MOSCOW — Islamic militants infiltrated Grozny, the capital of Chechnya, overnight and early Thursday, seizing buildings and opening fire on security forces in a gun battle that killed 10 police officers and nine militants, officials said. The attack came just hours before President Vladimir V. Putin delivered a state of the nation speech in Moscow, in which he made only a passing reference to the violence.

The Russian state news media reported that the militants had seized an office building, which was then recaptured by security forces, and a school. Terrified residents of Grozny said they heard loud explosions and saw armed gunmen roaming the streets.

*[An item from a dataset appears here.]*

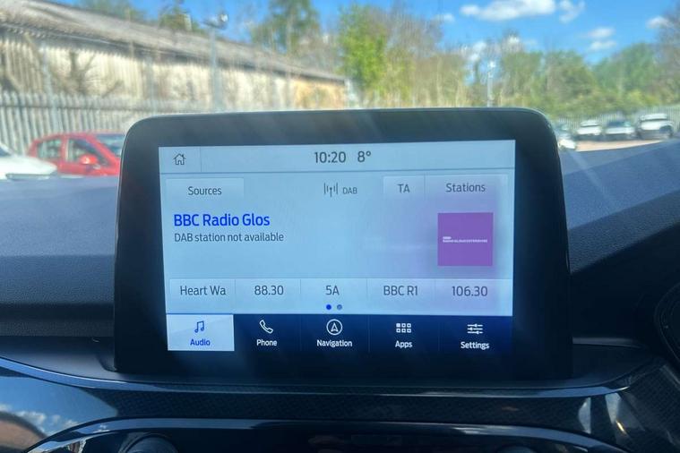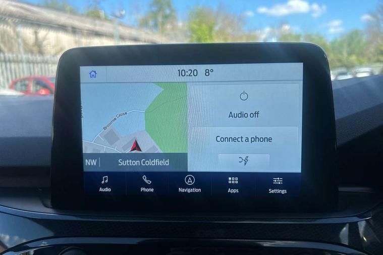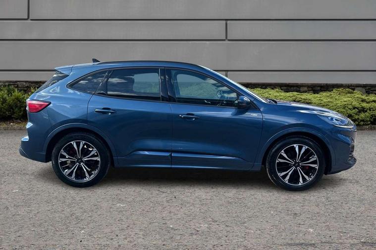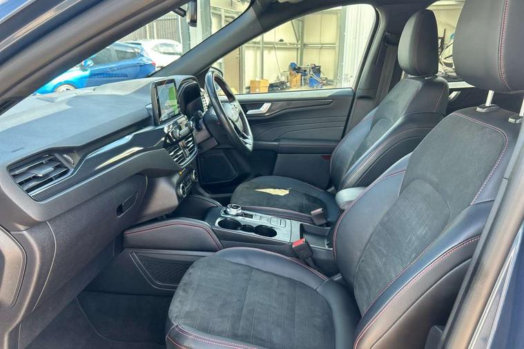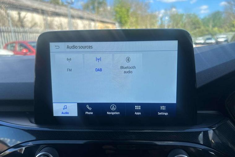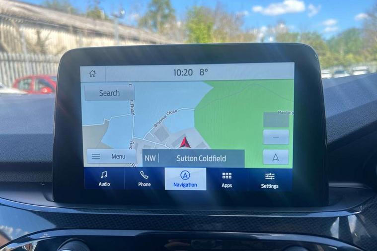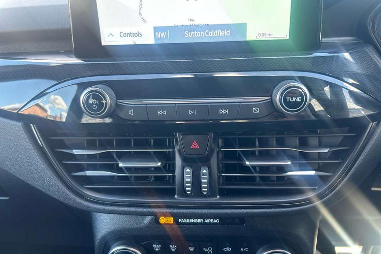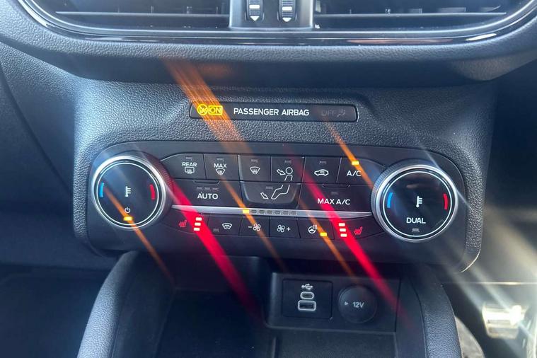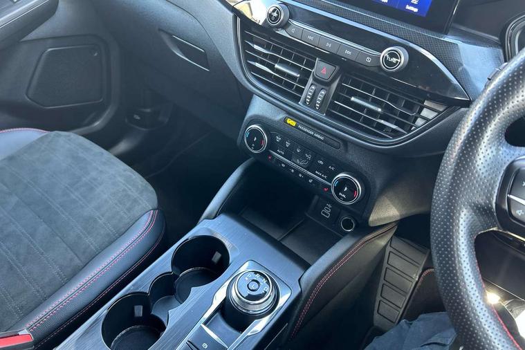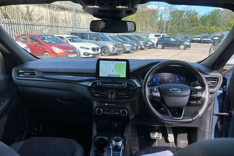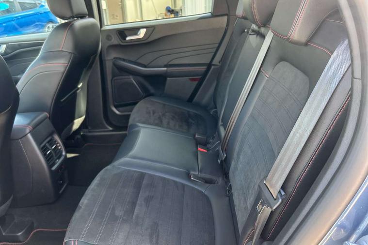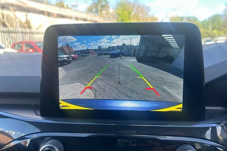 12.3" digital colour instrument cluster, Ford easy fuel, Ford SYNC 3 with 8" TFT LCD touchscreen, App Link, andriod auto/apple carPlay, emergency assistance and navigation with Ford pass connect, Front and rear parking sensors, Hands free power tailgate, Lane keeping aid with lane departure warning, Power assist steering, Rear view camera, Selectable drive modes, Service interval indicator, Sports suspension, Twist beam rear suspension, B&O premium audio system with 10 speakers and subwoofer, 2 USB ports, DAB radio/CD, Auto headlamps with high and low beam, Black roof rails, Day/night rear view mirror, Front LED fog lamps, Large rear spoiler, LED daytime running lights, LED rear lights, Power folding heated door mirrors with puddle lights, Power front/rear windows with global close, Power opening panoramic roof, Privacy glass, Quickclear heated windscreen, Rear side wing doors, Rear wiper, ST Line body styling kit with unique front and rear fascia and bumper, rear painted diffuser, front painted skid plates, dark mesh upper grille, ST Line front scuff plates, Third brake light, Twin exhausts, 10 way power adjustable drivers seat, 2nd row sliding seats with 60:40 split, 8 way manual passenger seat including lumbar support and height adjust, Alloy pedals, Centre console with electronic parking brake, Dark headlining and pillars, Electronic automatic temperature control (EATC), Flat bottomed leather steering wheel in sensico with red stitching, Front and rear head restraints, Heated passenger and driver seats, Heated rear seats, Heated steering wheel, Partial premium touch sensico leather upholstery with black cloth inserts and red stitching, Rear charging point, Single front passenger seat, Sports seats, ST Line front and rear floor mats, 3x3 point rear seatbelts, Airbags - front driver/passenger, front and rear curtain, Drivers knee airbag, Electronic stability control (ESC) and ABS, Ford MyKey Gen 2 safety system, Manual child proof rear door locks, Post collision braking, Pre collision assist with autonomous emergency braking, Rear seat Occupancy alert, Red brake calipers, Tyre pressure monitoring system, Engine immobiliser, Keyless entry and Ford power start button (Keyless start), Locking wheel nuts, Remote powered central double locking doors, Thatcham category 1 alarm,

Andrey Chatsky, a spokesman for Russia’s National Antiterrorist Committee, confirmed in a statement broadcast on Russian television that 10 police officers had been killed and 28 injured in the clashes.

Ramzan A. Kadyrov, the head of the Chechen Republic, said in a statement posted on his website, “We have the corpses of nine militants.” Earlier, he told the news agency Interfax that the office building, called the House of Publishing and used by newspapers and other media, had been recaptured by morning, and that all seven militants inside had been killed.

Mr. Kadyrov did not say whether there were any civilian casualties. The Interior Ministry for the Chechen Republic did not answer telephone calls on Thursday evening.

The attack ended a period of relative stability in Chechnya and other largely Muslim regions of southern Russia. In his speech, Mr. Putin said Russia was able to face the threat from terrorist attacks like the one in Grozny.

Residents of Grozny reached by telephone said the militants had a wider list of targets, and spoke of broader mayhem in the city.

As dawn broke, smoke was rising from several locations, they said.

“Oh God,” one man said in a video posted online, which shows shaky, silhouetted figures of armed men. “Fighters are on the streets.”

The Interfax report quoted Mr. Kadyrov as saying that civilian victims of the violence would be compensated, without indicating how many had been wounded or killed, or whether the gunmen had taken hostages.

Fighting at a nearby school, School No. 20, where militants had holed up overnight, had subsided by Thursday evening Mr. Kadyrov said.

On his Instagram account, Mr. Kadyrov advised residents of neighborhoods in the center of the city to remain at home and away from windows.

Residents described explosions from heavy weapons, either tanks or artillery, in several parts of the city. Kheda Saratova, a human-rights activist, said in a telephone interview that gunfire broke out around 1 a.m. and continued through the morning.

Varvara Pakhomenko, an independent analyst of the region, said residents were reporting gunfire in many locations.

Gunfire broke out near Rosa Luxemburg Street, a thoroughfare in the city that runs parallel to Vladimir Putin Street, in addition to the House of Publishing and School No. 20, she said.

“This could be a symbolic attack to show they can still organize something significant,” Ms. Pakhomenko said, referring to the Islamic militants. “They need new supporters and new fighters.” Many Muslims from Chechnya and Dagestan, another republic in southern Russia, have gone to to Syria to join the fight against President Bashar al-Assad.

Islamic fighters in southern Russia are organized as the Caucasus Emirate, a religiously motivated and pan-Caucasian movement that evolved from the initial Chechen nationalist and secular struggle for independence in the 1990s. Thursday is close to the 20th anniversary of the start of the first Chechen war.

While many Chechens fight alongside the Islamic State, the main militant group in Iraq and Syria, the leader of the Caucasus Emirate, Aliaskhab Kebekov, is not known to have sworn allegiance to the Islamic State.

In a television interview in Moscow, Mr. Kadyrov bragged that he had time to personally manage the counterterrorist operation in Grozny and still attend Mr. Putin’s speech.

“When this all started,” he said, “I flew home, held a special operation, killed the devils, held a meeting, gathered the staff for restoring the damaged building and made it in time to listen to the address of our national leader, the president, Commander in Chief Vladimir Putin.”